If you write code with AI, you know the drill — better prompts, better models, bigger context windows. That's what everyone's optimizing for. I was too, until I noticed something weird.
I went the other direction. I made my codebase easier for a dumb AI to work in. And my results got dramatically better.
Here's what I mean.
What I Learned From You
My last post on the METR benchmark blew up in the comments. Several of you pointed out something I'd missed — that the real bottleneck isn't AI capability, it's how we structure the work we hand it. That insight directly shaped what I'm about to share.
The 38-out-of-40 Problem
A few months ago I used Cursor to refactor a function signature across 40 files. 38 files were perfect. 2 had subtle type narrowing bugs — the function's generic type was correctly narrowed in 38 places but incorrectly narrowed in 2 files that had a more complex type hierarchy.
Local tests passed for all 40 files.

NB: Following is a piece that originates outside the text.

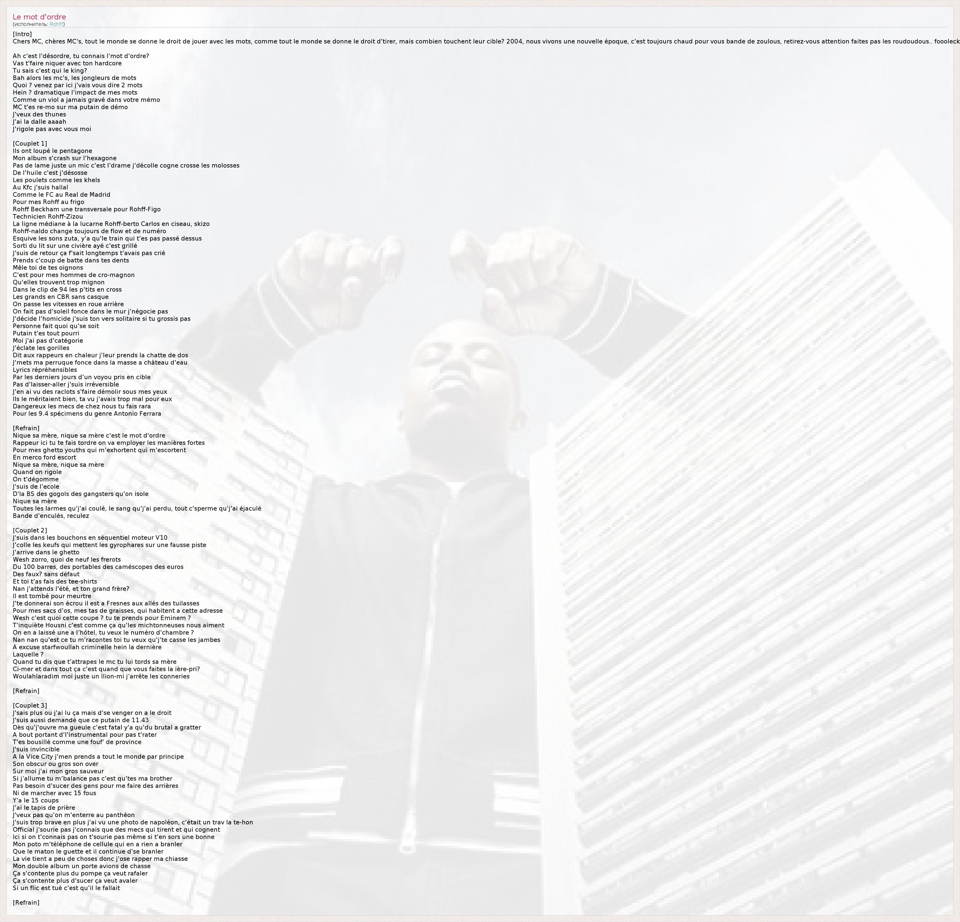 Ah c'est l'désordre, tu connais l'mot d'ordre?

The bugs showed up 3 days later.
I spent a while blaming Cursor. Then I looked at the 2 files that failed. They were the most coupled files in the codebase. They had implicit dependencies on a type hierarchy that spanned 4 directories. Understanding them required holding the entire module graph in your head.

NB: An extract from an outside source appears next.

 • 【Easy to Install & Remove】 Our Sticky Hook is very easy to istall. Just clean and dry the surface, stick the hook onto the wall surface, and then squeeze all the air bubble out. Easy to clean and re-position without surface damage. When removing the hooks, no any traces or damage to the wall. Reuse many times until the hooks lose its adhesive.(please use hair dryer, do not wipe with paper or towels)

The AI didn't fail because it was dumb. It failed because those 2 files required global knowledge to edit correctly, and AI operates on local context. That's not a bug — it's a structural limitation that won't disappear with better models.
The Pattern That Changed Everything
I started noticing something:
| Code structure | AI accuracy | Failure mode |
|---|---|---|
| Clean module, explicit interface | ~95% | Rare, caught by tests |
| Moderate coupling, some implicit deps | ~80% | Occasional, usually obvious |
| Tight coupling, implicit dependencies | ~60% | Plausible-looking bugs that pass local tests |
AI performance was almost perfectly correlated with how well-structured my code was.
A comment on one of my earlier posts completely reframed this for me:
"AI is a direction amplifier — clean code gets cleaner, garbage code gets worse."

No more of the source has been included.